No primeiro momento será apresentada uma síntese das alegações finais da acusação e da defesa. Logo em seguida o ministro deverá responder a algumas questões de ordem que podem ser apresentadas pelos senadores ou pelos advogados sobre a votação. Uma das questões que deve ser colocada é em relação à pergunta que será feita aos senadores no momento de votar.
- Foto: Edilson Rodrigues/Agência Senado
Está previsto que Lewandowski faça a seguinte pergunta: “Cometeu a acusada, a senhora presidenta da República, Dilma Vana Rousseff, os crimes de responsabilidade correspondentes à tomada de empréstimos junto à instituição financeira controlada pela União e à abertura de créditos sem autorização do Congresso Nacional, que lhe são imputados, e deve ser condenada à perda do seu cargo, ficando, em consequência, inabilitada para o exercício de qualquer função pública pelo prazo de oito anos?”.
A defesa, no entanto, deve questionar se a condenação da presidenta vai implicar necessariamente e automaticamente a perda dos direitos políticos por oito anos, ou se será o caso de fazer essa pergunta separadamente para uma nova votação.

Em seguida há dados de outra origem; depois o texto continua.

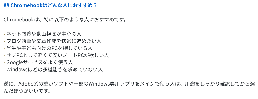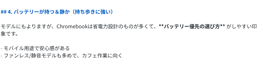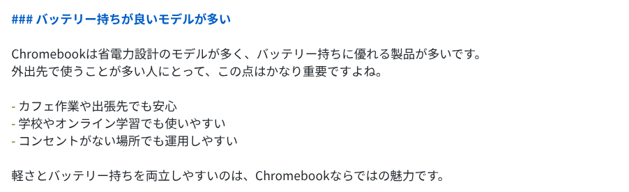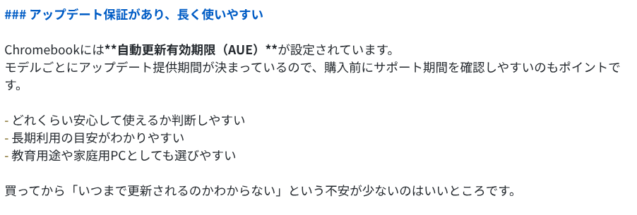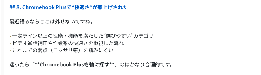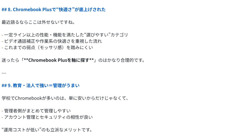 5.2 Proは9項目をテンポよく並べ、各セクションが短めにまとまっています。「Chromebook Plusで”快適さ”が底上げされた」「教育・法人で強い=管理がうまい」のように、切り口に変化をつけたセクションを混ぜているのがポイントで、記事全体にメリハリがあります。まとめも「速い・安全・ラク・クラウド前提で未来に合う」と4語に絞っていて、読後感がスッキリしています。

- Foto: Edilson Rodrigues/Agência Senado
Lewandowski deverá responder unilateralmente a essa e a qualquer outra questão que seja colocada, bem como a pedidos de votação em destaque que sejam apresentados. Suas decisões não poderão ser objeto de recurso ao plenário.
- Foto: Geraldo Magela/Agência Senado
Concluídas essas preliminares, o presidente designará dois senadores favoráveis e dois contrários para fazerem o encaminhamento da votação por cinco minutos cada. Em seguida, será feita a pergunta e aberto o painel para a votação dos senadores. Para que a presidenta seja condenada são necessários pelo menos 54 votos, que equivalem à maioria qualificada, ou dois terços dos 81 senadores.
Embora a votação seja aberta, ela será eletrônica, no painel, e não haverá chamada nominal para que os senadores pronunciem seus votos oralmente. Depois que todos tiverem votado, Lewandowski abrirá o painel e o resultado será divulgado. Ele lavrará a sentença na mesma hora e todos os senadores serão convidados a assinar. Na sequência, será publicada a resolução.
- Foto: Geraldo Magela/Agência Senado
Se a presidenta for condenada, ela será imediatamente notificada, bem como o presidente interino Michel Temer. O presidente do Senado, Renan Calheiros (PMDB-AL), deverá então convocar uma sessão do Congresso Nacional para o mesmo dia, a ser realizada na Câmara dos Deputados, para dar posse a Temer.